I used to love Christmas music, even though I'm not a religious person. To me, they used to symbolize an exciting time of year filled with friends, family, homecomings, good food, and gift-giving. The first time I'd hear a holiday tune in a store or on the radio, my heart jumped a bit at the anticipation of the holidays, that it was finally here. Then one Christmas after college I worked part time in retail to make some extra money. And I now have a strong aversion to holiday music. Working eight hour days listening to the same hour-long loop of Christmas music started making me a bit delirious. At night, while trying to fall asleep, I couldn't get the music out of my head. As I approached the shop for my shifts, I could hear the music wafting out of the front doors, and I would fill with dread.
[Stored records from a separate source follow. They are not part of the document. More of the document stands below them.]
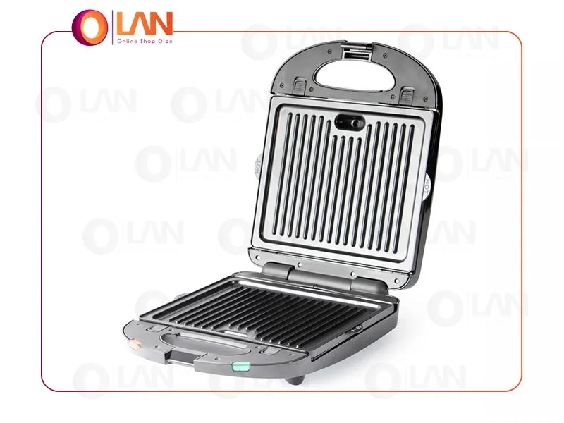 چراغ نشانگر و قفل ایمنی: این مدل نیز دارای چراغ نشانگر برای اطلاع از وضعیت دستگاه و قفل ایمنی برای محکم بسته شدن صفحات در حین پخت است. این ها ویژگی های استانداردی هستند که در هر ساندویچ ساز خوبی باید وجود داشته باشند.
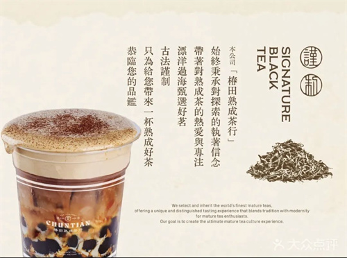 大众点评显示,椿田熟成茶行门店目前售卖包含独创黑武士熟成系列,熟成深焙鲜奶茶缇、黄油干酪云顶纯茶系列、熟成话梅水果茶、生酪云顶鲜奶茶系列、职人手作多料奶茶等,SKU高达23个,单价在14-22元之间。
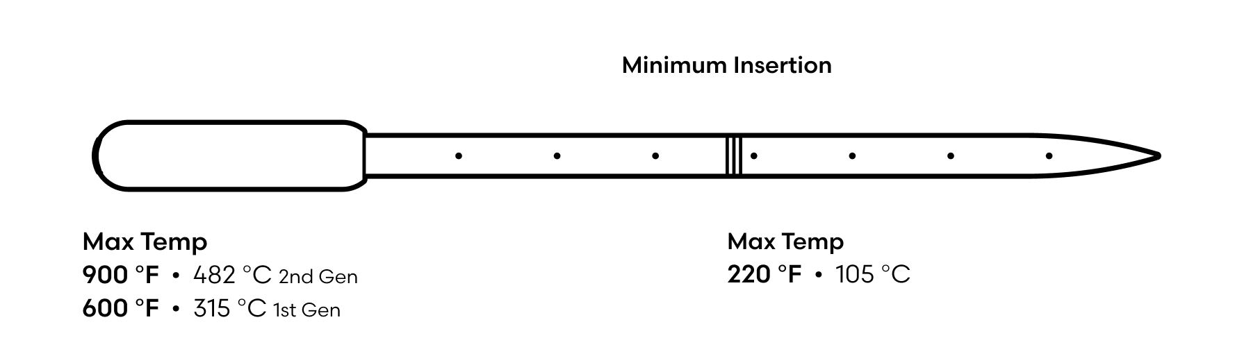 Keep the lower sensors (below the minimum insertion line) under the safe limit of 220ºF (105ºC). This is easily done if all lower sensors are inside the food - the water in the food keeps the temperature at or below boiling.
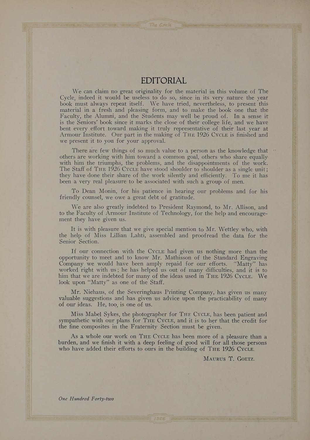 The Cycle, 1926
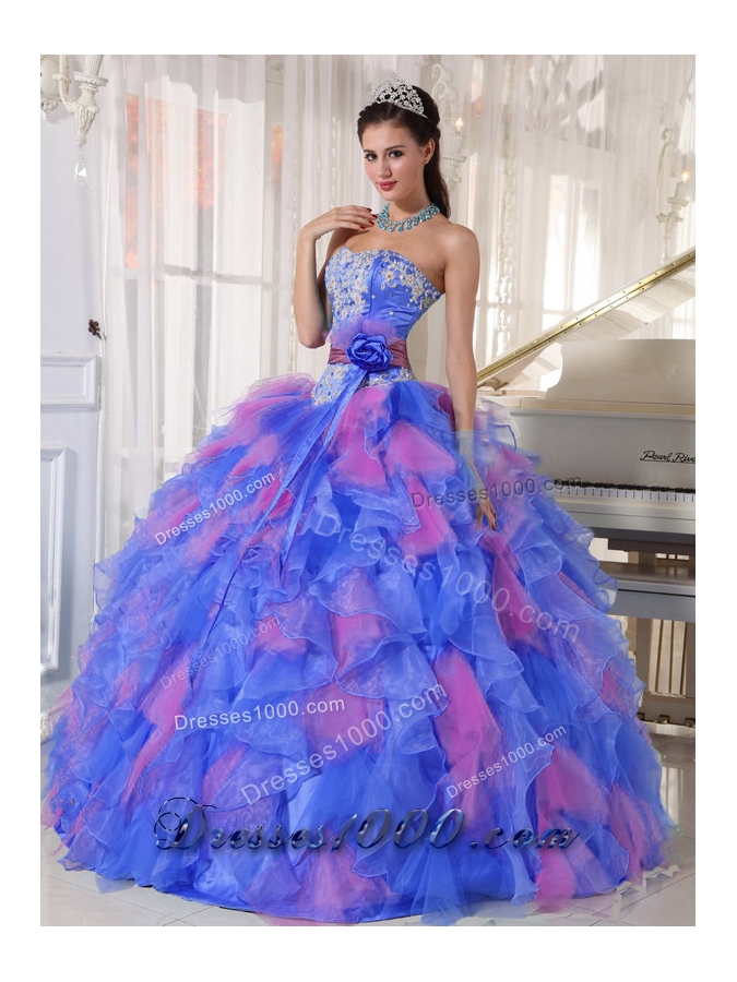 This gorgeous quinceanera ball gown features a fitted, strapless neckline accented with appliques in the bodice.The waist of this ruffled quinceanera dress was wrapped with ruched ribbons around waist which is decorated with a rosette flower.
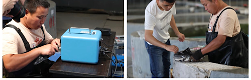 据长江所透露,科研人员对本次放流的666尾中华鲟采用了四种不同的标记方式,对于规格较小的鲟鱼,使用CWT金属线码标记,通过特定的仪器把金属线码打入鱼的体内;50cm以上的鲟鱼可以使用锚标标记或者PIT标记。锚标标记是一种体外标记,上面记录了放流的单位、联系电话等,便于群众发现在野外受伤的鲟鱼时及时联系研究所;PIT标记可以编码一个数字序列,相当于是中华鲟的身份证,相较于锚标其优点是在鱼的体内,寿命可达30年;而对于规格在1米5以上的大鱼,则使用超声波标记,通过手术的手段植入到鱼的体内,通过沿江布置的固定站接收信号,实现追踪。
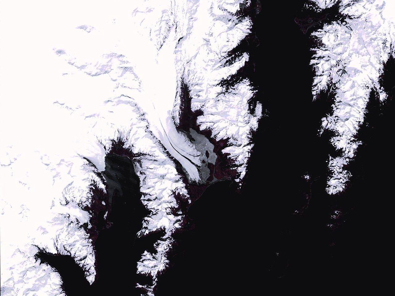 This series of images shows the shrinkage of Bear Glacier from 1980 to 2011. Warming in the region has caused less buildup of snow and therefore less material for glacial growth. As the glacier has receded, ice at the end of the glacier has broken off the main body, forming icebergs in the open water. The 2011 image shows considerable retreat of the glacier's "tongue." Also see this image pair of the same glacier.   Left image taken by the Multispectral Scanner onboard Landsat 3. Center image taken by the Thematic Mapper sensor onboard Landsat 4. Right image taken by the Enhanced Thematic Mapper Plus sensor onboard Landsat 7. Source: U.S. Geological Survey (USGS) Landsat Missions Gallery, "Bear Glacier, Alaska," U.S. Department of the Interior / USGS and NASA.
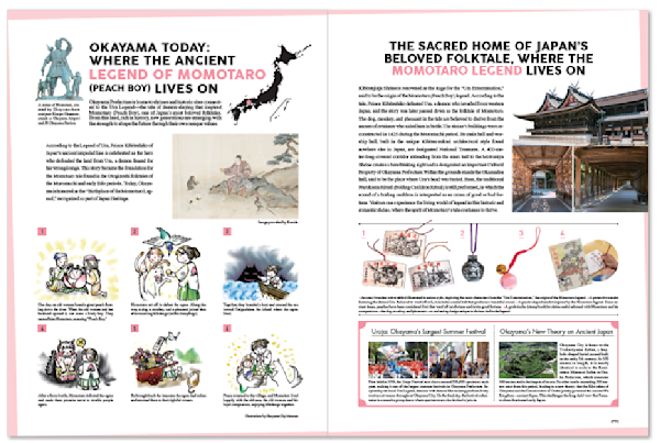 このたび、JALグループの国際線機内誌『SKYWARD』2025年10月号に、岡山の魅力を発信する記事広告を掲載しました。本特集では、桃太郎伝説を皮切りに、その起源といわれる吉備津神社や、岡山の銘菓「きびだんご」を紹介しています。
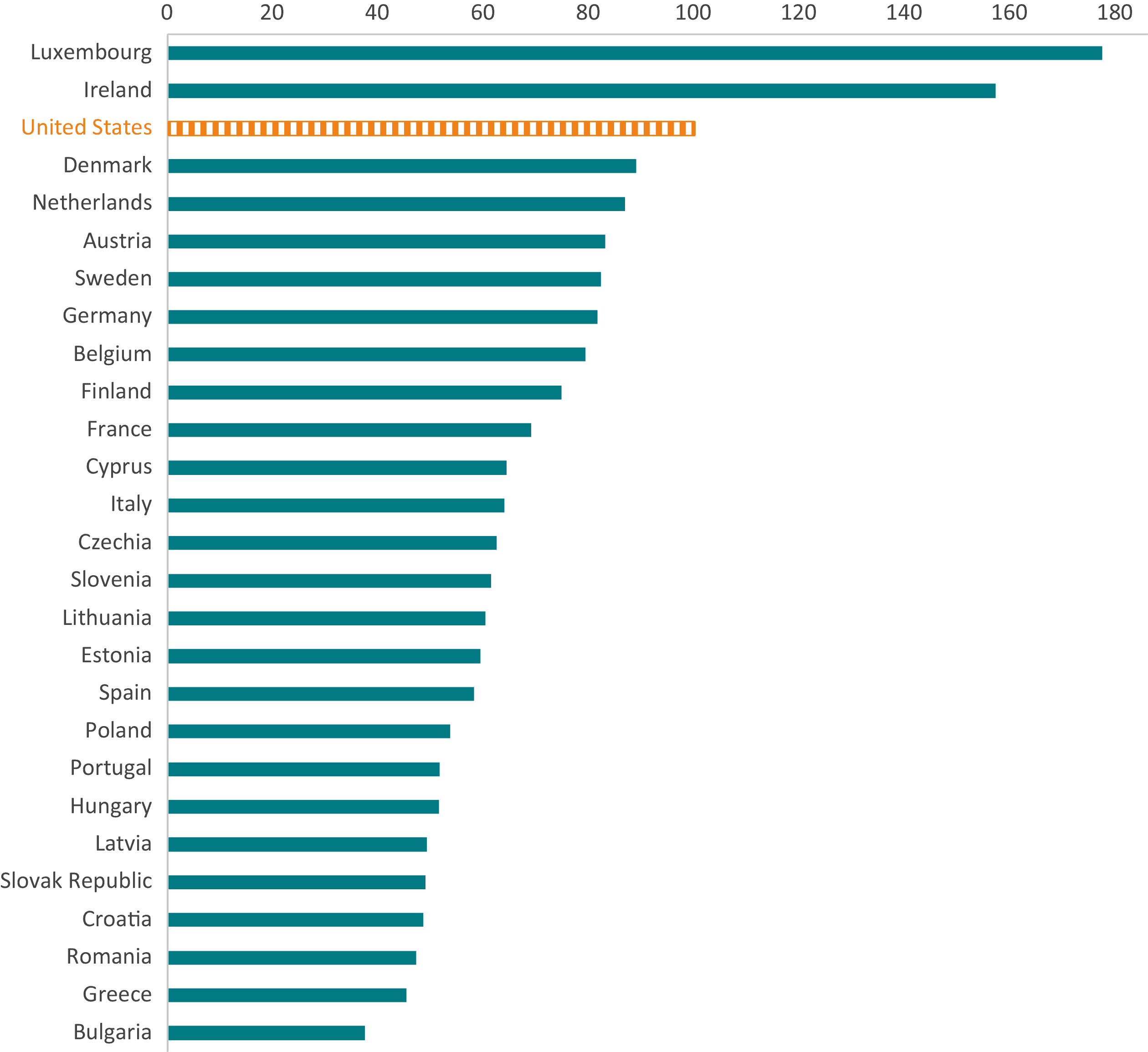 FIGURE 4: RANKING OF EU MEMBER STATES RELATIVE TO THE US (US equal to 100, 2021)
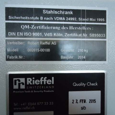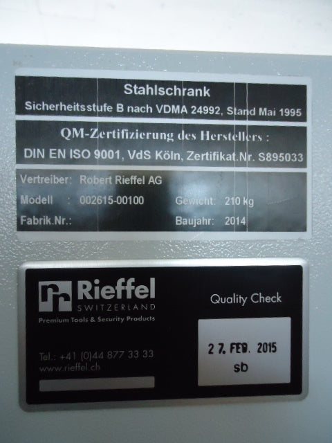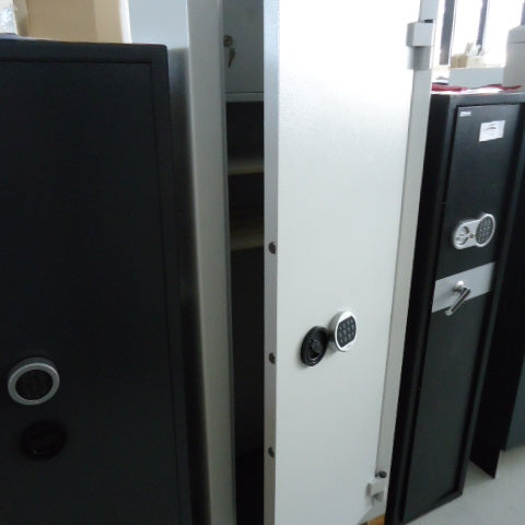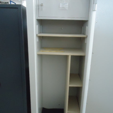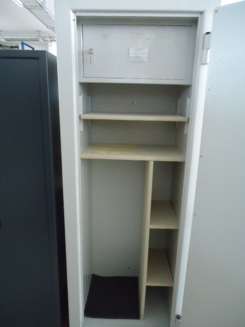 Inneneinrichtung: 11 Waffenhalter, Einstellhöhe 1280 mm, Innentresor mit Zylinderschloss 200 mm hoch
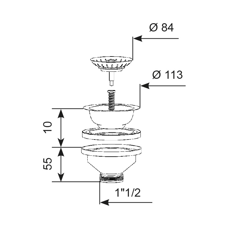 Bonde à panier manuel évier Ø 90
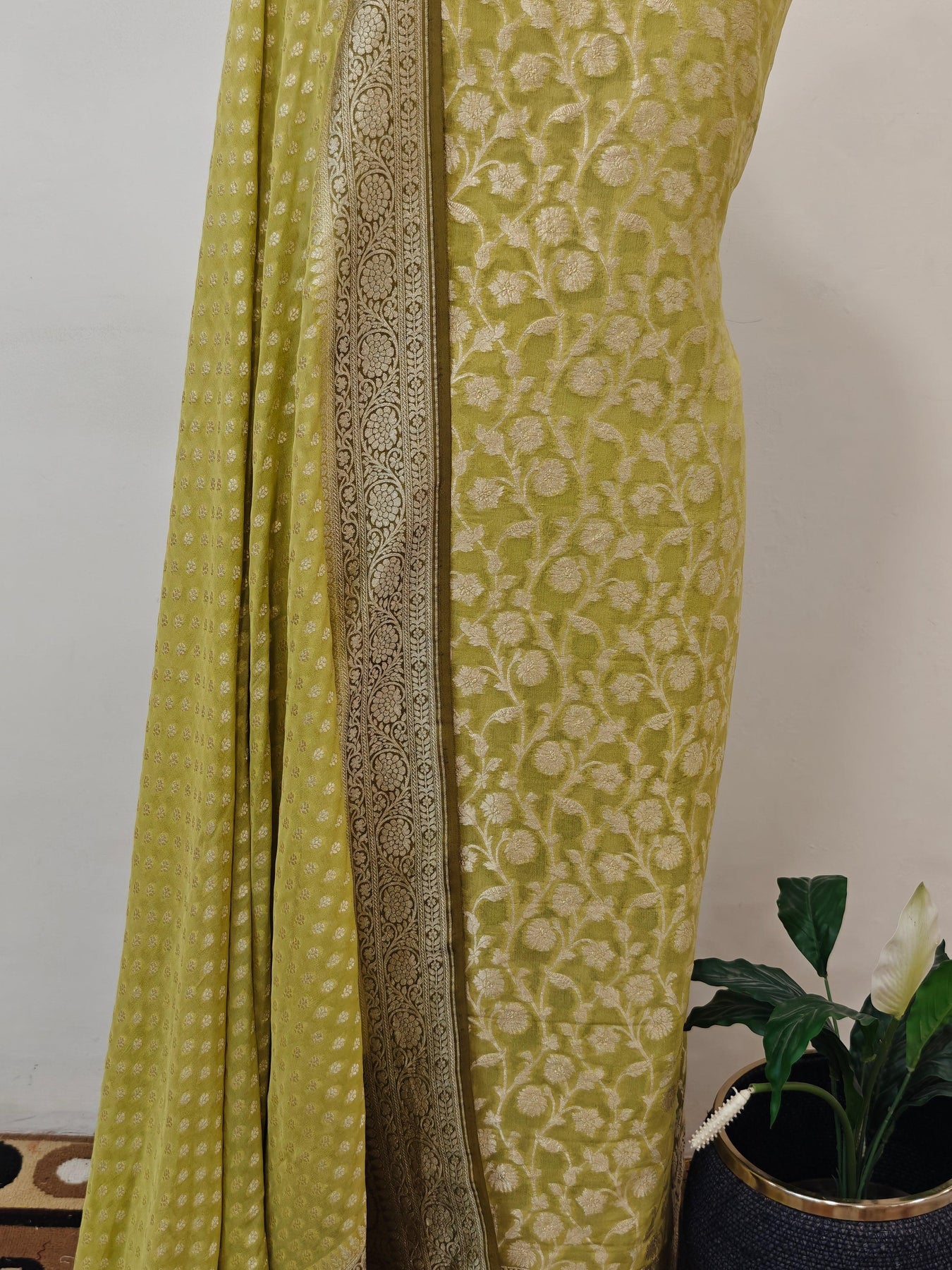 A stunning Parrot Green Banarasi 2 pc Suit. The authentic flower jaal design on the kurta and buti work on the dupatta with light golden zari handwoven in the finest chiffon georgettes. It takes around 4-5 days to weave this rich and luxurious piece of our tradition.
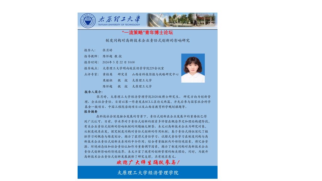“一流策略”青年博士论坛:制度同构对高新技术企业责任式创新的影响研究
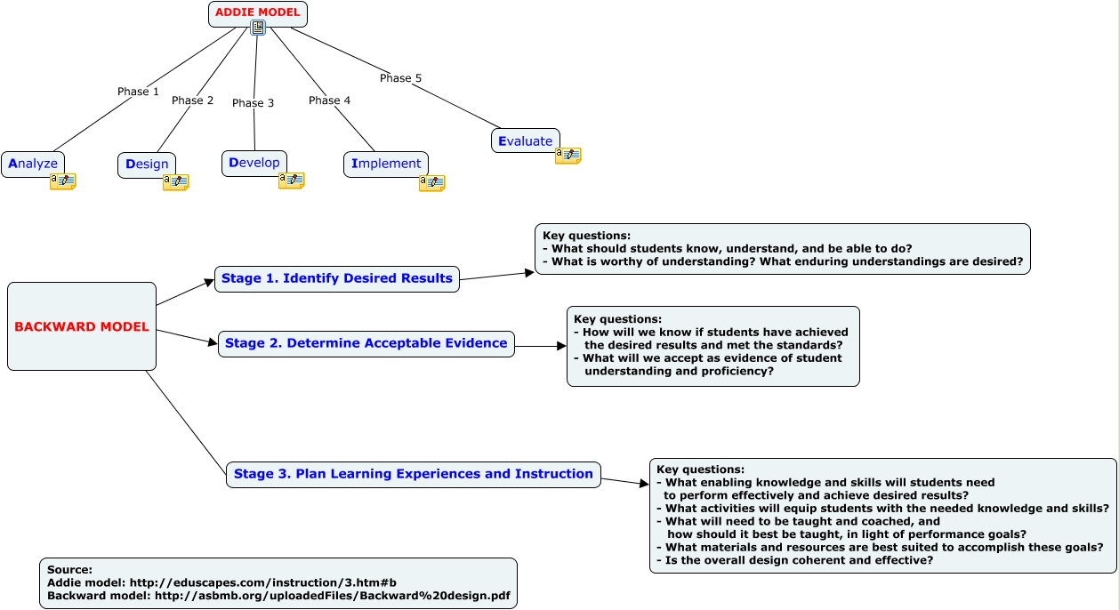 This Concept Map, created with IHMC CmapTools, has information related to: ADDIE and Backward model, Stage 2. Determine Acceptable Evidence ???? Key questions: - How will we know if students have achieved the desired results and met the standards? - What will we accept as evidence of student understanding and proficiency?, ADDIE MODEL Phase 3 Develop, BACKWARD MODEL ???? Stage 3. Plan Learning Experiences and Instruction, Stage 1. Identify Desired Results ???? Key questions: - What should students know, understand, and be able to do? - What is worthy of understanding? What enduring understandings are desired?, ADDIE MODEL Phase 4 Implement, ADDIE MODEL Phase 5 Evaluate, Stage 3. Plan Learning Experiences and Instruction ???? Key questions: - What enabling knowledge and skills will students need to perform effectively and achieve desired results? - What activities will equip students with the needed knowledge and skills? - What will need to be taught and coached, and how should it best be taught, in light of performance goals? - What materials and resources are best suited to accomplish these goals? - Is the overall design coherent and effective?, ADDIE MODEL Phase 1 Analyze, ADDIE MODEL Phase 2 Design, BACKWARD MODEL ???? Stage 2. Determine Acceptable Evidence, BACKWARD MODEL ???? Stage 1. Identify Desired Results

Now, everywhere I go, I hear that dreadful noise, and it just puts me in a bad mood. I realize that this is a personal issue, but I've also noticed that just about everyone I know feels the same. Christmas music is no longer special or exciting, it's almost a hassle you must put up with for the last two (3? 4? Do I hear 6?) months of the year. I guess I'm just a scrooge. But this is something that needs to be examined more closely. In the name of consumerism, we have cheapened one of humanity's greatest artforms: music.